Кадр данных с диапазонами идентификаторов датчиков может быть создан, а затем присоединен к исходному кадру данных:
val df = Seq((1, "specificSensor", Some(1)),
(2, "1234", None),
(3, "1234", None),
(4, "specificSensor", Some(2)),
(5, "2345", None),
(6, "2345", None))
.toDF("ID", "Sensor", "No")
val idWindow = Window.orderBy("ID")
val sensorsRange = df
.where($"Sensor" === "specificSensor")
.withColumn("nextId", coalesce(lead($"id", 1).over(idWindow), lit(Long.MaxValue)))
sensorsRange.show(false)
val joinColumn = $"d.ID" > $"s.id" && $"d.ID" < $"s.nextId"
val result =
df.alias("d")
.join(sensorsRange.alias("s"), joinColumn, "left")

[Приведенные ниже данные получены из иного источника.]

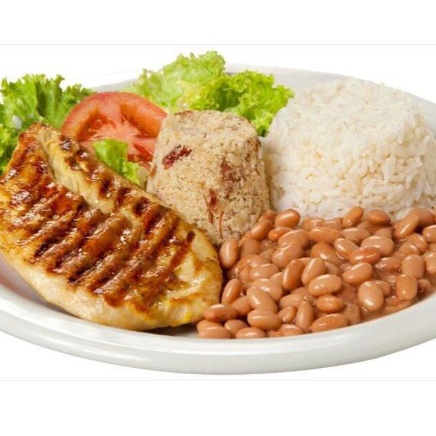 frango grelhado, arroz, feijão, farofa e batata frita

.select($"d.ID", $"d.Sensor", coalesce($"d.No", $"s.No").alias("No"))
Вывод:
+---+--------------+---+-------------------+
|ID |Sensor |No |nextId |
+---+--------------+---+-------------------+
|1 |specificSensor|1 |4 |
|4 |specificSensor|2 |9223372036854775807|
+---+--------------+---+-------------------+
+---+--------------+---+
|ID |Sensor |No |
+---+--------------+---+
|1 |specificSensor|1 |
|2 |1234 |1 |
|3 |1234 |1 |
|4 |specificSensor|2 |
|5 |2345 |2 |
|6 |2345 |2 |
+---+--------------+---+